A data-driven reduced-order model for stiff chemical kinetics using dynamics-informed training

A data-based reduced-order model (ROM) is developed to accelerate the time integration of stiff chemically reacting systems by effectively removing the stiffness arising from a wide spectrum of chemical time scales. Specifically, the objective of this work is to develop a ROM that acts as a non-stiff surrogate model for the time evolution of the thermochemical state vector (temperature and species mass fractions) during an otherwise highly stiff and nonlinear ignition process. The model follows an encode-forecast-decode strategy that combines a nonlinear autoencoder (AE) for dimensionality reduction (encode and decode steps) with a neural ordinary differential equation (NODE) for modeling the dynamical system in the AE-provided latent space (forecasting step). By means of detailed timescale analysis by leveraging the dynamical system Jacobians, this work shows how data-based projection operators provided by autoencoders can inherently construct the latent spaces by removing unnecessary fast timescales, even more effectively than physics-based counterparts based on an eigenvalue analysis. A key finding is that the most significant degree of stiffness reduction is achieved through an end-to-end training strategy, where both AE and neural ODE parameters are optimized simultaneously, allowing the discovered latent space to be dynamics-informed.
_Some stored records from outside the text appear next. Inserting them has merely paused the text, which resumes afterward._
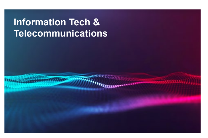
We connect today with tomorrow.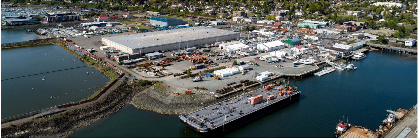
Central Waterfront and Whatcom Waterway sites facing north, May 2019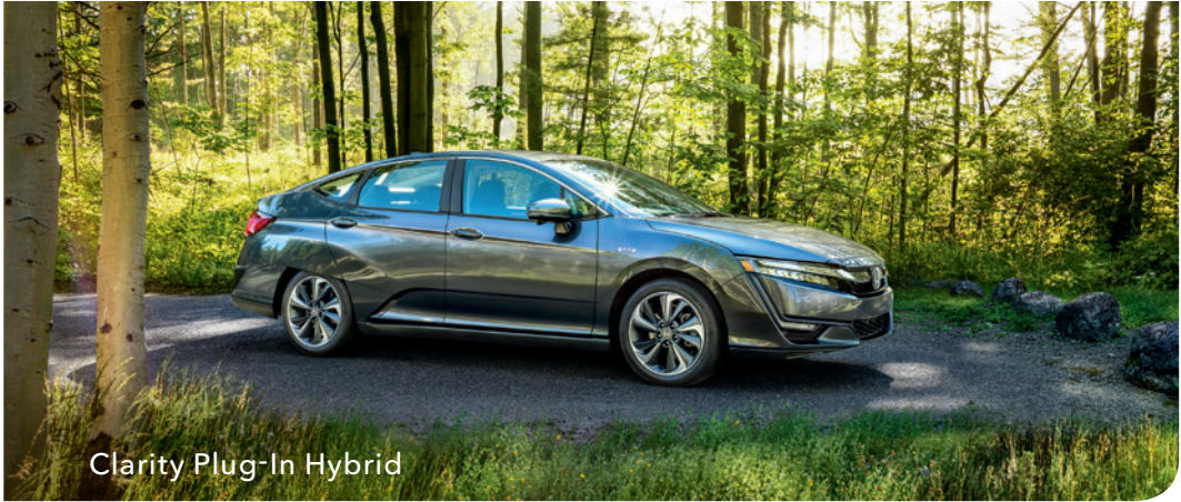
Clarity Plug-In Hybrid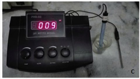
Fig. 2. a) pH strips in stimulated and unstimulated salivary sample (left cup pH 7, right cup pH 6). b) Universal indicator pH paper strip. c) Electronic pH meter.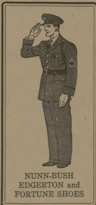
NUNN-BUSH EDGERTON and FORTUNE SHOES

Airman Zelan Jackets . . . Catalina Sweaters Reg. Socks . . . Reg. Ties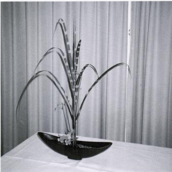
◦ Arlette Faude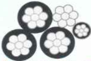
Cross sectional view of Aerial Bunch Cables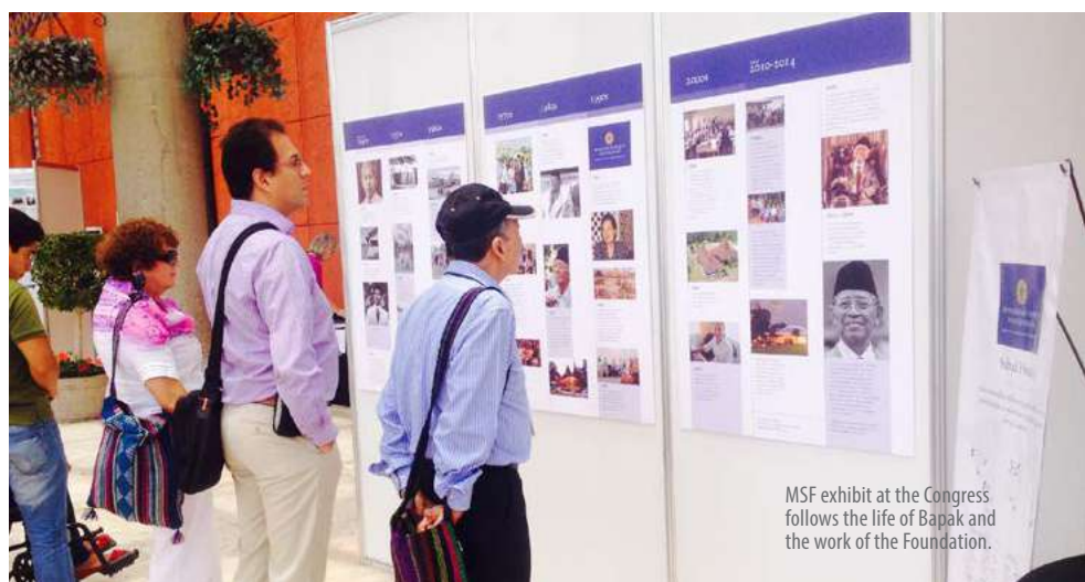
MSF exhibit at the Congress follows the life of Bapak and the work of the Foundation.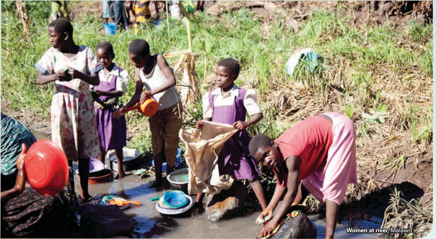
Women at river, Malawi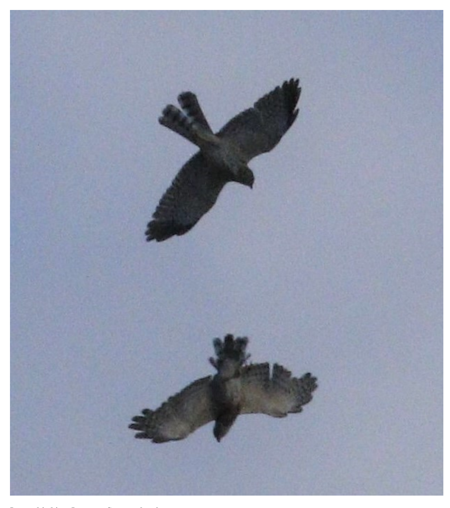
Lower bird is a Japanese Sparrowhawk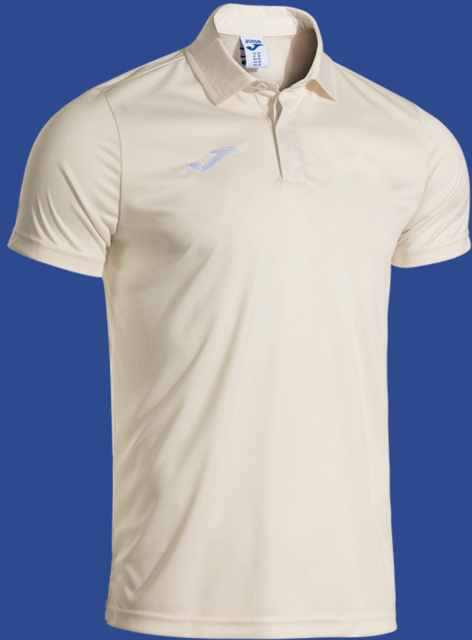
SHORT SLEEVE SHIRT 104443.001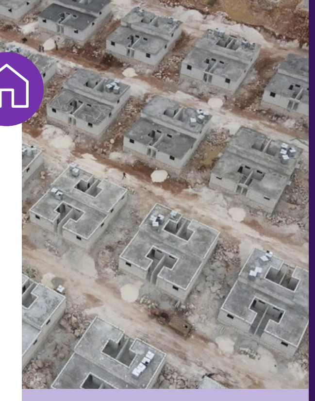
Aerial view of Al Yasameen Village.

Ongoing progress is observed in Al Yasameen village, Maarat Misrin, as groundwork is laid for future construction. The village is set to comprise 250 housing units , each accommodating four homes, resulting in a total of 1,000 houses . This inclusive development plan also encompasses the establishment of a sewage system and a drinking water network. Presently, 680 houses have been successfully completed, with 320 of them having already received roofing. Notably, construction is advancing at a rate of approximately 120 houses per week. The collective efforts aim to create a thriving and sustainable community in Al Yasameen village.

In addition to end-to-end training, this work highlights the vital contribution of AE nonlinearity in the stiffness reduction task. For the prediction of homogeneous ignition phenomena for H2-air and C2H4-air mixtures, the proposed ROM achieves several orders-of-magnitude increase in the integration time step size when compared to (a) a baseline CVODE solver for the full-chemical system, (b) statistical technique – principal component analysis (PCA), and (c) computational singular perturbation (CSP), a vetted physics-based stiffness-reducing modeling framework.